Every platform has a different limit, and using the wrong compression setting for the wrong destination is what causes files to fail. A setting that works perfectly for WhatsApp will be too aggressive for a legal submission. A setting that works for a scholarship portal will produce a file that takes ten minutes to send over messaging. This guide gives you the exact settings for each destination so you stop guessing.

The principle underneath all of it is the same. Fix the source before compressing, do one clean optimisation pass, and then verify the result. That order avoids the most common problem, which is repeatedly compressing the same file until it is too blurry to read.

Why each platform needs different settings

WhatsApp, email, and online forms are fundamentally different environments with different purposes.

WhatsApp is a messaging app optimised for speed. Recipients typically view files on a phone screen. A file that is 2MB or under sends instantly on most connections, and anything readable at phone screen resolution is good enough. Quality and layout precision matter much less here than speed and file size.

Email is more formal. Attachments are often printed or reviewed at full size on a monitor. Gmail caps attachments at 25MB, Outlook at 20MB for most accounts, and many corporate email servers set their own lower limits without telling you. A 5MB file is a safe target for most email situations, but certain employers and institutions have 10MB limits on CVs and application documents.

Online forms and portals are the strictest category. Scholarship portals, visa systems, and government forms frequently enforce limits of 2MB to 5MB per file, reject certain formats entirely, and sometimes validate page count or resolution.
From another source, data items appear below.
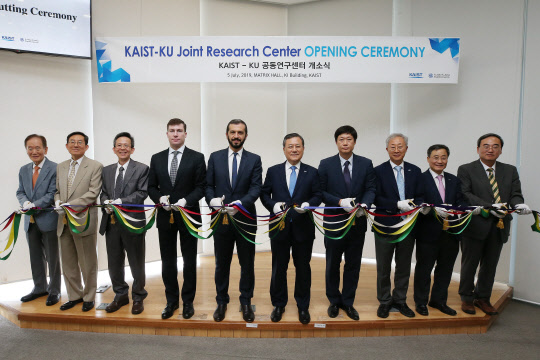 지난 5일 대전 KAIST 본원 KI빌딩에서 열린 'KAIST-KU 공동연구센터' 개소식에서 신성철 KAIST 총장(왼쪽 여섯번째), 아리프 술탄 알 하마디 KU 총장대행(다섯번째) 등 양교 주요인사들이 테이프 커팅을 하고 있다.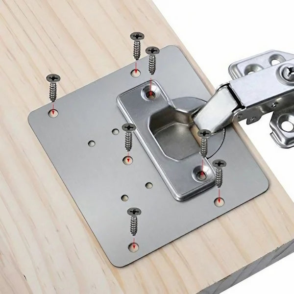 Обновите вашу мебель с помощью надежной пластины из нержавейки. В отличие от попыток заклеить ДСП, наша пластина создает новую прочную опору для петли, предотвращая повторные поломки и экономя ваш бюджет на покупку шкафов.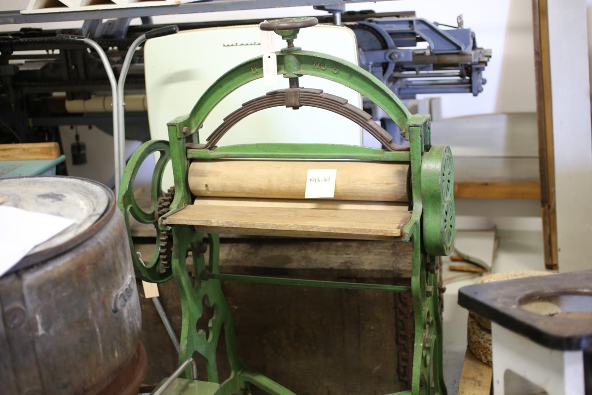 Grænmáluð nr. 5, stórt tannhjól á annarri hlið, tvö lítil í hlíf á hinni. Lítið hjól ofan á. Var í Húsmæðraskólanum á Hallormsstað þegar Hrafn kom þangað. "Aðaltækið" skv. Hrafni. Hann kom árið 1932.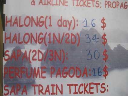 Cụ thể, một số tour ngắn ngày như Hạ Long (1 ngày) 16 USD, Hạ Long (1 ngày, 2 đêm) có giá 34 USD, còn Sapa (2 đếm/3 ngày) 30 USD… Đó chưa phải là tất cả, theo bảng báo giá mức giá của tour Hạ Long thay đổi tùy theo lựa chọn của khách ngủ đêm trên tàu hay khách sạn, cao nhất là 195 USD (2 ngày/ 3 đêm). Nhân viên này cho hay: “Tỷ giá quy đổi là 21.000 đồng/USD, khách Việt có thể trả bằng tiền đồng. Khách trả tiền vào thời điểm đăng ký tour’’.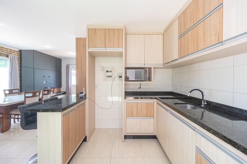 – Cozinha em conceito aberto com armários planejados, fogão e micro-ondas,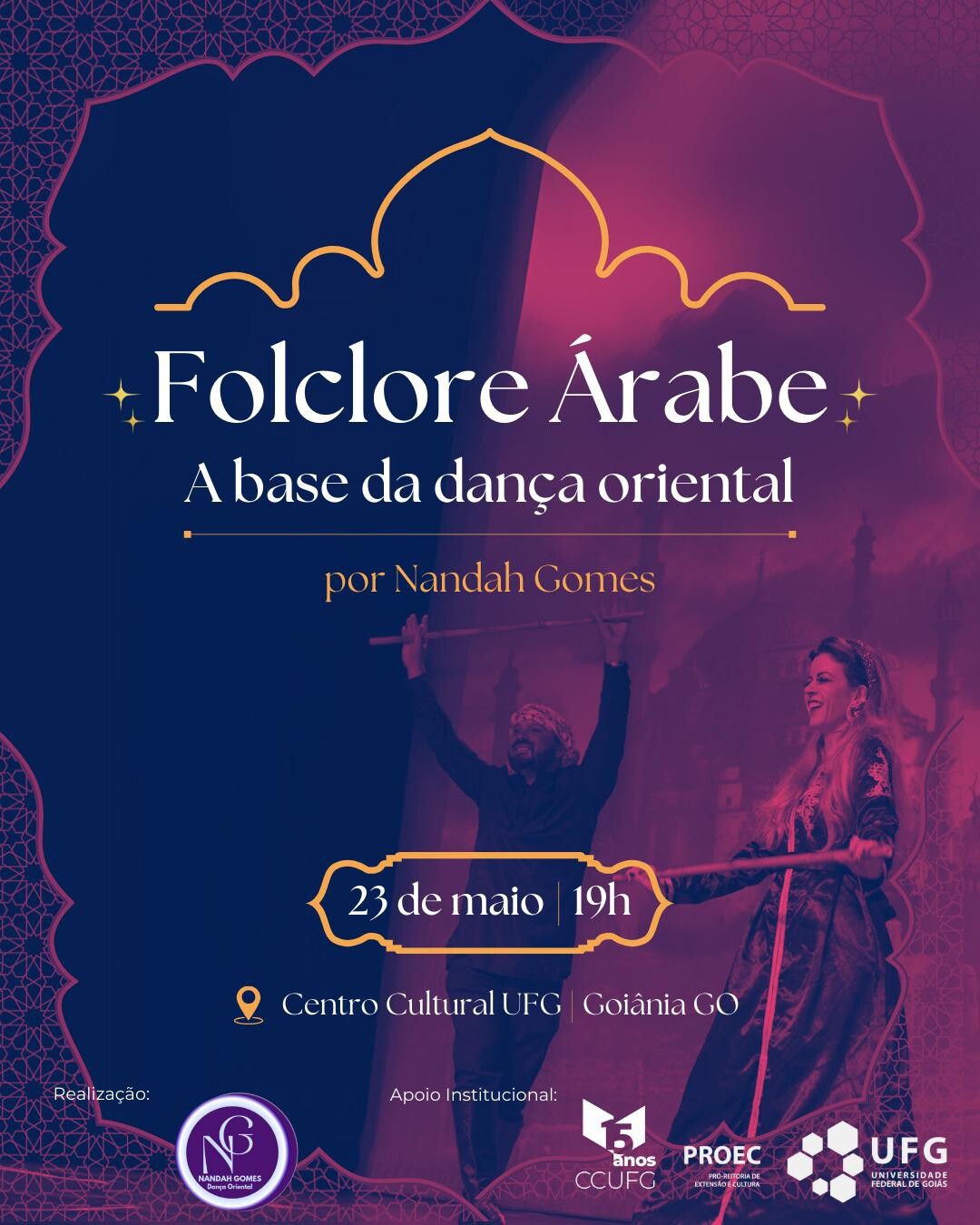 Idealizado pela professora, bailarina e coreógrafa Nandah Gomes, "Folclore Árabe: a base da dança oriental" é um espetáculo que fala da riqueza da cultura árabe através da dança. Mostrar que existem diversos estilos de vida, condições étnicas, geográficas e históricas, promovendo uma compreensão mais profunda de suas tradições, narrativas e identidades que moldaram essa expressão artística ao longo do tempo.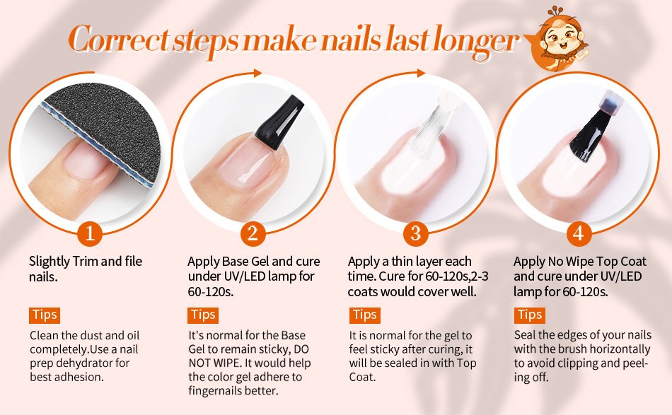 Step 3.Apply Base gel first,which can make polish lasting longer, cure with UV lamp or LED lamp. (Necessary)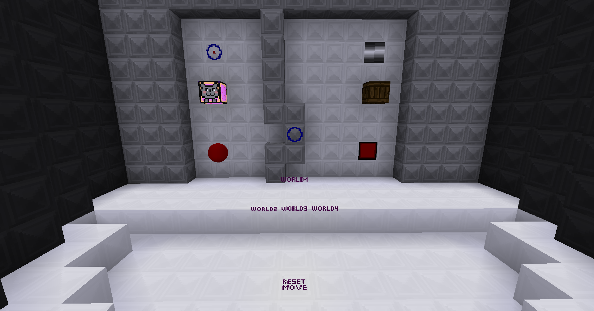 Controls are straight-forward: Movement keys to move, jump key to fire a ball (rarely used), sneak key to reset and Aux1 key to undo last move. Unfortunately, the undo only works for the last move. The level selection is less pleasant: You must punch literally blocks with the word "WORLD1" on them. You must manually select the next level after you completed one. This gets tedious.

For these, clarity matters more than anything because reviewers will zoom into your documents and need to read every word cleanly.

WhatsApp: what works and what does not

WhatsApp allows up to 100MB for documents and 16MB for videos shared directly in a chat. In practice, files above 5MB become noticeably slow to send and receive on average mobile connections, so a good working target is under 3MB for documents you want people to actually open.

For PDF files shared over WhatsApp, use the PDF tools and aim for a compressed file under 3MB. If the PDF is longer than 10 pages, consider splitting it with Split PDF and sending the most relevant pages first. Most people on WhatsApp will not scroll through a 40-page document on their phone.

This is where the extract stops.